Biological versus technical variance

For the Olink assay, technical variation was calculated as the mean of standard deviation across each protein analyte and biological variation was calculated as the standard deviation of mean measurements across each protein analyte. The variance was first analyzed by comparing biological variance with technical variance. Furthermore, to assess variance decomposition, we then averaged the type-II ANOVA sum of squares to evaluate the proportions of variance.

Principal component analysis (PCA)

Principal Component Analysis, an unsupervised learning method, was used to reduce the multi-dimensional Myriad-RBM and Olink datasets into the first two orthogonal components that capture the major sources of variation.

Student’s t-test and multiple hypothesis correction

Paired and unpaired t-tests with p-values corrected by the Benjamini-Hochberg multiple hypothesis testing were used to evaluate quantitative differences between case and control samples.

Results

As shown in Fig. 1b, the LC-MS/MS method measured relative levels of 119 proteins, while the Myriad-RBM and Olink methods measured absolute levels of 73 and 76 proteins, respectively, for all samples. No proteins were measured by all three methods. Seven proteins were measured by both LC-MS/MS and Myriad-RBM, and 27 proteins were measured by both the Olink Biosciences and Rules Based Medicine assays. The three methods provided ample information to evaluate the variability of current protein assays in detecting protein biomarkers for early breast cancer diagnosis.

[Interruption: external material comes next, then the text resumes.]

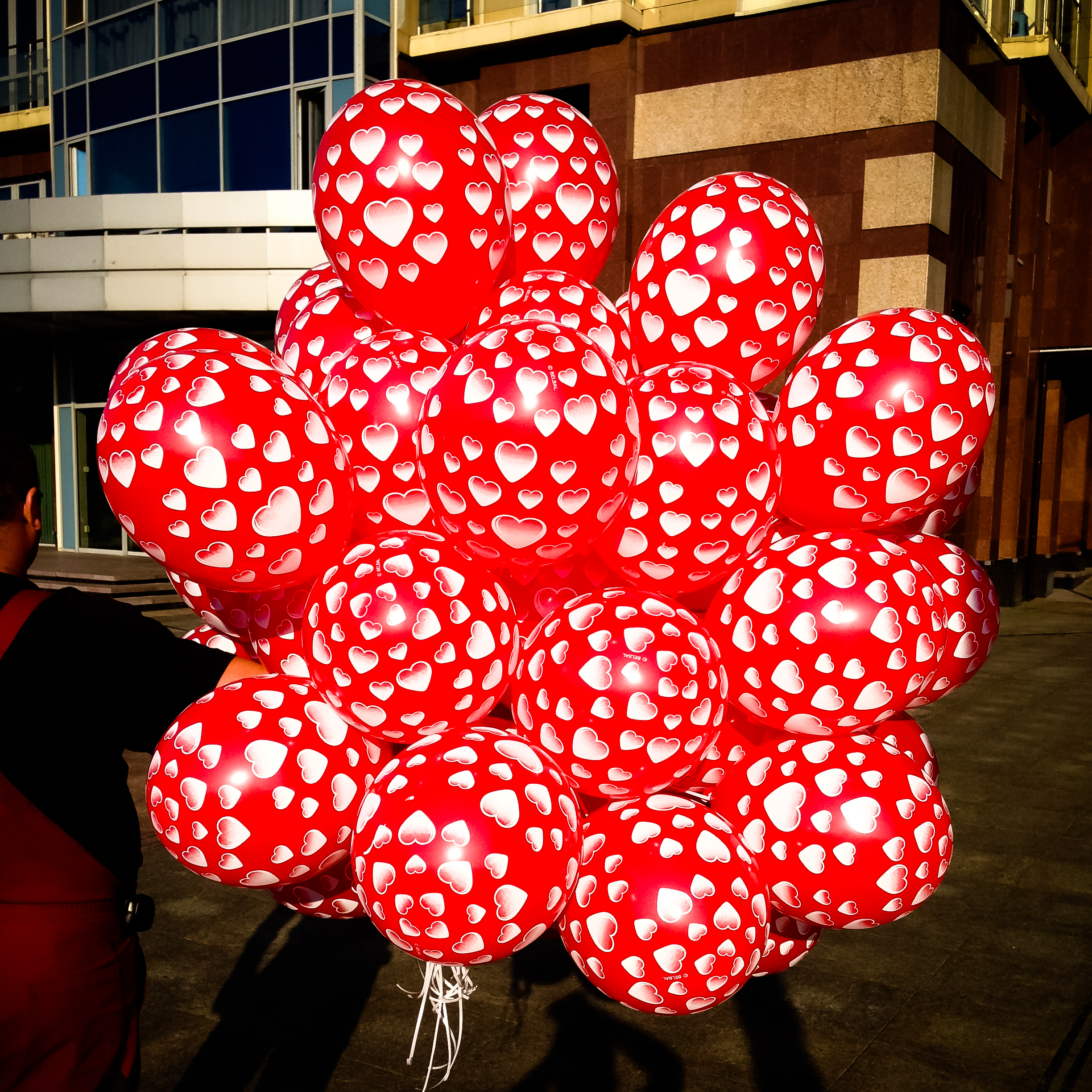 Букет - "Красный шар с белыми сердцами"

Depth and frequency of protein measurements

The LC-MS/MS method provided relative quantitation values for proteins over six orders of magnitude (Fig. 2a). Similarly, Fig. 2b shows that the Myriad-RBM method also quantified proteins over six orders of magnitude, whereas the Olink method quantified proteins over a relatively smaller range of four orders of magnitude (Fig. 2c). Overall, the Olink platform captured lower abundance and smaller range of protein levels compared to the other two methods.

Fig. 2
figure 2

Depth of analyses and measurement frequency across platforms. Histogram (top) of frequency that a protein is quantified in n number of samples, and dynamic range plot (bottom) of mean concentrations measured for each unique protein quantified in platforms (a) LC-MS/MS, (b) Myriad-RBM, (c) Olink

The frequency of unique protein measurements across plasma samples is plotted in the histograms of Fig. 2a-c for the three methods. Most proteins were measured in all 20 samples by the Myriad-RBM and Olink methods. Conversely, the LC-MS/MS method quantified the largest total number of proteins (1200), but also yielded missing data: only 13.5% of the total number of quantified proteins was measured in all ten pairs of “heavy” and “light” mixed samples. We chose to focus on only the 119 proteins identified across all samples in the LC-MS/MS method for downstream analysis.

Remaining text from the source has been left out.